→ **Information provided**
Start of Block

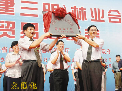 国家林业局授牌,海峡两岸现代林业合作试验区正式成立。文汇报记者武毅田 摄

End of Block
Start of Block

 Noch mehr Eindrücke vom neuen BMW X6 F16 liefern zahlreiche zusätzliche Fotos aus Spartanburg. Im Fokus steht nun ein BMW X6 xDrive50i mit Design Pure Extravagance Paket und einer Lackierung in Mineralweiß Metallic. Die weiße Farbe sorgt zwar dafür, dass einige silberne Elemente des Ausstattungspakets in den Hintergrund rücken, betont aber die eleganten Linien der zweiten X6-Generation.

End of Block
Start of Block

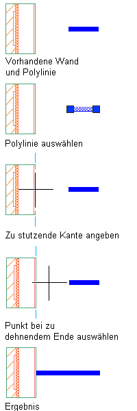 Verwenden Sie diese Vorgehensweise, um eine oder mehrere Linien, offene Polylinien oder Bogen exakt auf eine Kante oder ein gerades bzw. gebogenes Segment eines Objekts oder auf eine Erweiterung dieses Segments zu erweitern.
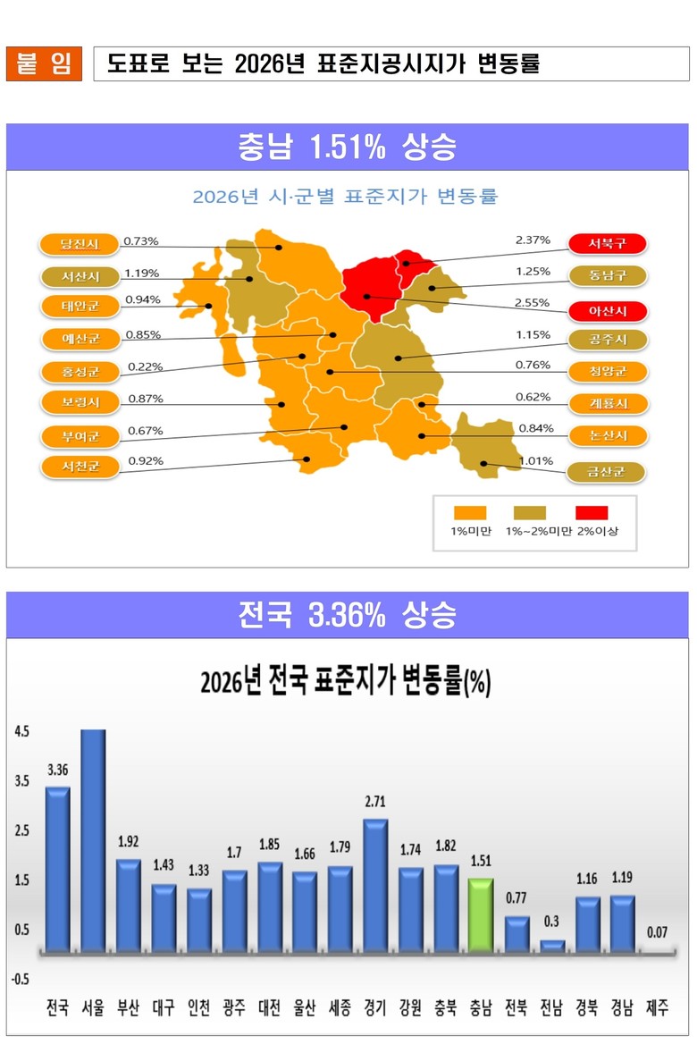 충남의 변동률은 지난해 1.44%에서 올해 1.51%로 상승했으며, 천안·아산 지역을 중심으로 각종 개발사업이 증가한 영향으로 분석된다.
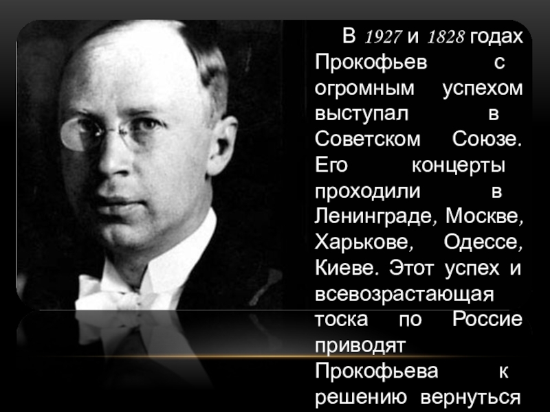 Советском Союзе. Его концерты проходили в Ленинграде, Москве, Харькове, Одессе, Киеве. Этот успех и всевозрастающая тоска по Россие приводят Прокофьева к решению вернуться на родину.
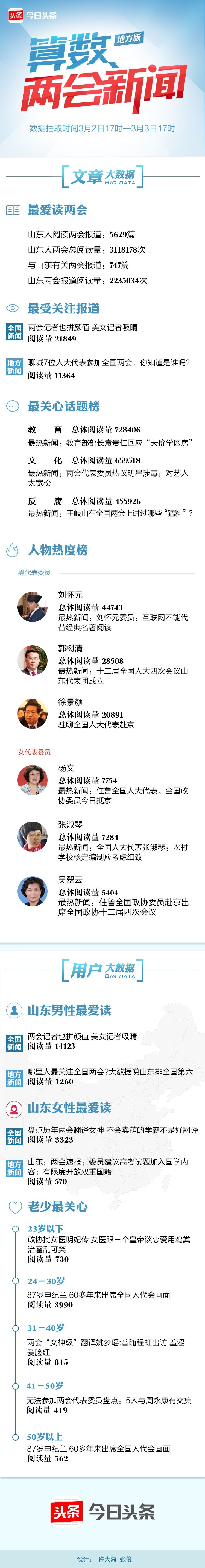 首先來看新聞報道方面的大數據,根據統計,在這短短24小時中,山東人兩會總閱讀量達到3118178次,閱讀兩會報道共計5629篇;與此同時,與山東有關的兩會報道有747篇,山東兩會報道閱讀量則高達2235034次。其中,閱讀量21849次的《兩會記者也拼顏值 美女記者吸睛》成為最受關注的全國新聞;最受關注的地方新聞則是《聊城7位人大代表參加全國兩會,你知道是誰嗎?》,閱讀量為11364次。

End of Block

→ **Problem**
Give exactly the lines above that run from the line with "Verwenden Sie diese" to the line with "首先來看新聞報道方面的大數據", both included, leaving every picture out.

→ **Exercise answer**
 Verwenden Sie diese Vorgehensweise, um eine oder mehrere Linien, offene Polylinien oder Bogen exakt auf eine Kante oder ein gerades bzw. gebogenes Segment eines Objekts oder auf eine Erweiterung dieses Segments zu erweitern.
 충남의 변동률은 지난해 1.44%에서 올해 1.51%로 상승했으며, 천안·아산 지역을 중심으로 각종 개발사업이 증가한 영향으로 분석된다.
 Советском Союзе. Его концерты проходили в Ленинграде, Москве, Харькове, Одессе, Киеве. Этот успех и всевозрастающая тоска по Россие приводят Прокофьева к решению вернуться на родину.
 首先來看新聞報道方面的大數據,根據統計,在這短短24小時中,山東人兩會總閱讀量達到3118178次,閱讀兩會報道共計5629篇;與此同時,與山東有關的兩會報道有747篇,山東兩會報道閱讀量則高達2235034次。其中,閱讀量21849次的《兩會記者也拼顏值 美女記者吸睛》成為最受關注的全國新聞;最受關注的地方新聞則是《聊城7位人大代表參加全國兩會,你知道是誰嗎?》,閱讀量為11364次。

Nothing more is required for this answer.